◆ DATA PROVIDED
####
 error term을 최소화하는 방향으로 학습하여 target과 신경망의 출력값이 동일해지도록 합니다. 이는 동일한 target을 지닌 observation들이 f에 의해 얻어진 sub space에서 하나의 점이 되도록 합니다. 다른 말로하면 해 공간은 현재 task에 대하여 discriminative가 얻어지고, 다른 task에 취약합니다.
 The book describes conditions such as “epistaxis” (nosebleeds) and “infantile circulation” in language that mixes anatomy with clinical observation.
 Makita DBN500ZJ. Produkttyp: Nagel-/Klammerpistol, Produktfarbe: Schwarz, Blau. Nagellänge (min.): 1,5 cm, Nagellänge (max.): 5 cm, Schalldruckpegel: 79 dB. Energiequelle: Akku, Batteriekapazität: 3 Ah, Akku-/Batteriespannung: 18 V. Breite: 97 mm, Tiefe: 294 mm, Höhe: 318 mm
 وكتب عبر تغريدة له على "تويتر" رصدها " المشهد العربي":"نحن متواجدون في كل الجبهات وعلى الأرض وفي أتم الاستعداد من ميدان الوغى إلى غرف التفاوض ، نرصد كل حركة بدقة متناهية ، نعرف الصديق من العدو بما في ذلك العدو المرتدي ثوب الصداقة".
####
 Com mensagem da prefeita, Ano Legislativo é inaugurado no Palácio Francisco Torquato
####
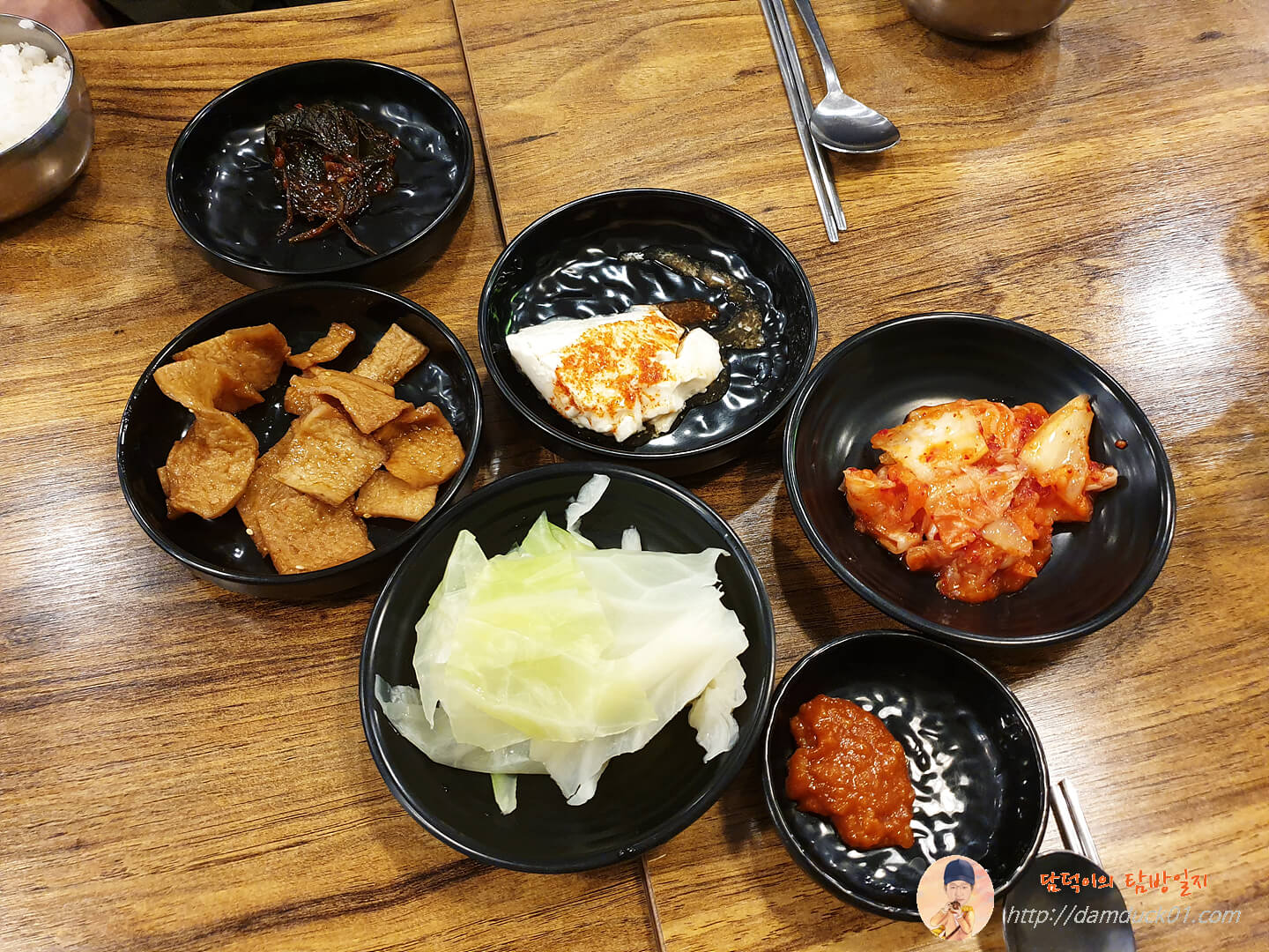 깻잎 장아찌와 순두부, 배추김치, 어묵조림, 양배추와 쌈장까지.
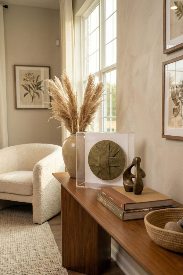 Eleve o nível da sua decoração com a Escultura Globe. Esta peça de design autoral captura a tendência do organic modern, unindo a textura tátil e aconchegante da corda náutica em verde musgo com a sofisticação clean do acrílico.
####
◆ ASSIGNED TASK
Using the data above, extract exactly the lines from the one that holds "The book describes" to the one that holds "وكتب عبر تغريدة", both ends included, and no others.

◆ RESULT BELOW
 The book describes conditions such as “epistaxis” (nosebleeds) and “infantile circulation” in language that mixes anatomy with clinical observation.
 Makita DBN500ZJ. Produkttyp: Nagel-/Klammerpistol, Produktfarbe: Schwarz, Blau. Nagellänge (min.): 1,5 cm, Nagellänge (max.): 5 cm, Schalldruckpegel: 79 dB. Energiequelle: Akku, Batteriekapazität: 3 Ah, Akku-/Batteriespannung: 18 V. Breite: 97 mm, Tiefe: 294 mm, Höhe: 318 mm
 وكتب عبر تغريدة له على "تويتر" رصدها " المشهد العربي":"نحن متواجدون في كل الجبهات وعلى الأرض وفي أتم الاستعداد من ميدان الوغى إلى غرف التفاوض ، نرصد كل حركة بدقة متناهية ، نعرف الصديق من العدو بما في ذلك العدو المرتدي ثوب الصداقة".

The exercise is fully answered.